= Beginning of Section =

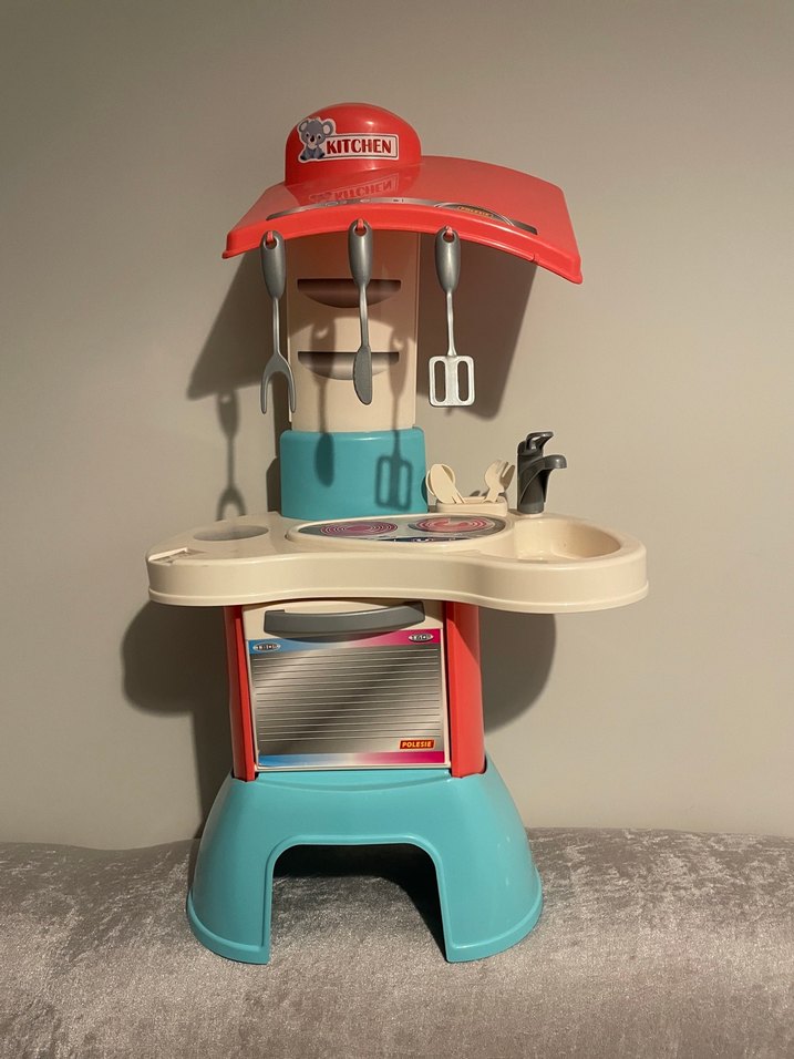 Kırmızı tente, askılı mutfak gereçleri ve açık mavi tabanlı canlı renklerde çocuk oyun mutfağıdır. Musluk, ocak ve fırın içerir. Yeni gibidir. Kutudan cıkartık ama kullanılmadı
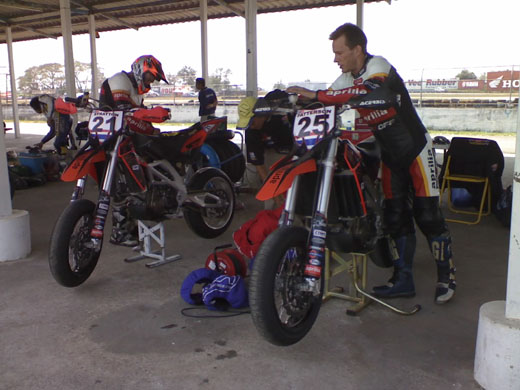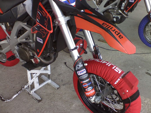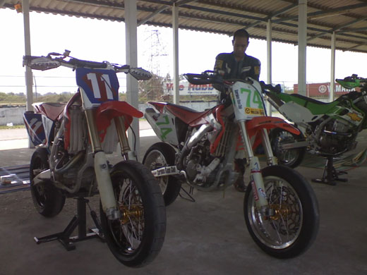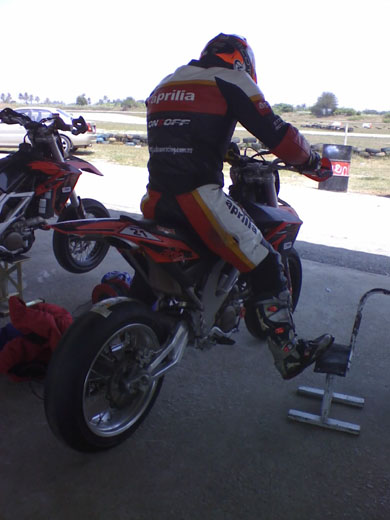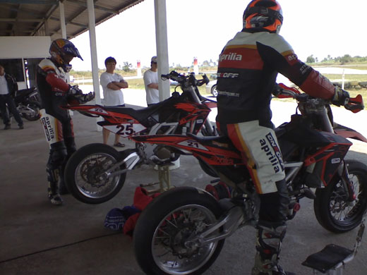 มาแล้ว ทีม aprilia thailand กับ aprilia sxv450...ใหม่แกะกล่อง คุณเมท กับ คุณเชน..แข่งมาแล้วเกือบทุกอย่างที่มี 2 ล้อ..เหนียวแน่นจริงๆ ..ซึ่งตาม กติกาแล้ว คุณเมท,กับคุณเชน สามารถลงในรุ่น pro b ได้.. แต่เขาบอกไม่เอา ผมจะลง pro a เท่านั้น..
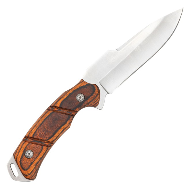 A Faca Burning compõe o portfólio de cutelaria da INVICTUS. Fabricada com lâmina em aço inoxidável 3Cr13, ela é uma faca Full Tang, com lâmina de 110 mm de comprimento, sendo uma peça robusta, perfeita para quem pretende ter em mãos um produto versátil em seu EDC, ideal para os mais diversos fins. Sua lâmina é do tipo Drop Point, ou seja, com curvatura leve em todo o dorso, com queda em direção à ponta, perfeita para cortes, entalhes, raspagens e remoção de peles. Acabamento em aço polido e cabo anatômico confeccionado em madeira natural com entalhe e design que facilita a empunhadura, oferecendo maior segurança no manuseio. Além disso, a Faca Burning possui porta-fiel e bainha em Nylon® com passador de cinto para você portar de maneira ostensiva.
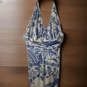 Alice + Olivia Women Silk Blue Floral A-Line Hatler Maxi Dress Size M
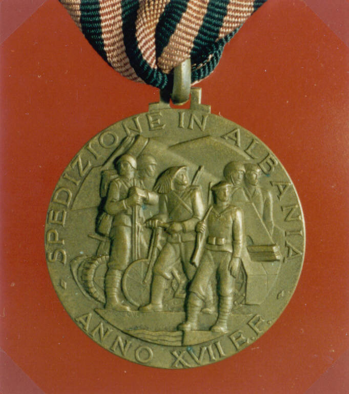 R: ALLEGORIA DEI SEI CORPI DELLE F.A. DELLA SPEDIZIONE ITALIANA IN ALBANIA; V: STEMMA SABAUDO, STEMMA ALBANESE. R: UN FANTE, UN BERSAGLIERE, UN ARTIGLIERE, UN AVIERE, UN MARINAIO DELLA REGIA MARINA ED UNO DELLA MARINA MERCANTILE E LE ARMI DI COMPETENZA, ISCRIZIONE; V: AQUILA CON SCUDO CHE REGGE CON GLI ARTIGLI UN FASCIO, AQUILA BICIPITE, NODI, ISCRIZIONE

= End of Section =

**INSTRUCTIONS FOR THE TASK:** Return every line of the listing exactly, leaving its pictures behind.

**RESULT OF THIS TASK:**
 Kırmızı tente, askılı mutfak gereçleri ve açık mavi tabanlı canlı renklerde çocuk oyun mutfağıdır. Musluk, ocak ve fırın içerir. Yeni gibidir. Kutudan cıkartık ama kullanılmadı
 มาแล้ว ทีม aprilia thailand กับ aprilia sxv450...ใหม่แกะกล่อง คุณเมท กับ คุณเชน..แข่งมาแล้วเกือบทุกอย่างที่มี 2 ล้อ..เหนียวแน่นจริงๆ ..ซึ่งตาม กติกาแล้ว คุณเมท,กับคุณเชน สามารถลงในรุ่น pro b ได้.. แต่เขาบอกไม่เอา ผมจะลง pro a เท่านั้น..
 A Faca Burning compõe o portfólio de cutelaria da INVICTUS. Fabricada com lâmina em aço inoxidável 3Cr13, ela é uma faca Full Tang, com lâmina de 110 mm de comprimento, sendo uma peça robusta, perfeita para quem pretende ter em mãos um produto versátil em seu EDC, ideal para os mais diversos fins. Sua lâmina é do tipo Drop Point, ou seja, com curvatura leve em todo o dorso, com queda em direção à ponta, perfeita para cortes, entalhes, raspagens e remoção de peles. Acabamento em aço polido e cabo anatômico confeccionado em madeira natural com entalhe e design que facilita a empunhadura, oferecendo maior segurança no manuseio. Além disso, a Faca Burning possui porta-fiel e bainha em Nylon® com passador de cinto para você portar de maneira ostensiva.
 Alice + Olivia Women Silk Blue Floral A-Line Hatler Maxi Dress Size M
 R: ALLEGORIA DEI SEI CORPI DELLE F.A. DELLA SPEDIZIONE ITALIANA IN ALBANIA; V: STEMMA SABAUDO, STEMMA ALBANESE. R: UN FANTE, UN BERSAGLIERE, UN ARTIGLIERE, UN AVIERE, UN MARINAIO DELLA REGIA MARINA ED UNO DELLA MARINA MERCANTILE E LE ARMI DI COMPETENZA, ISCRIZIONE; V: AQUILA CON SCUDO CHE REGGE CON GLI ARTIGLI UN FASCIO, AQUILA BICIPITE, NODI, ISCRIZIONE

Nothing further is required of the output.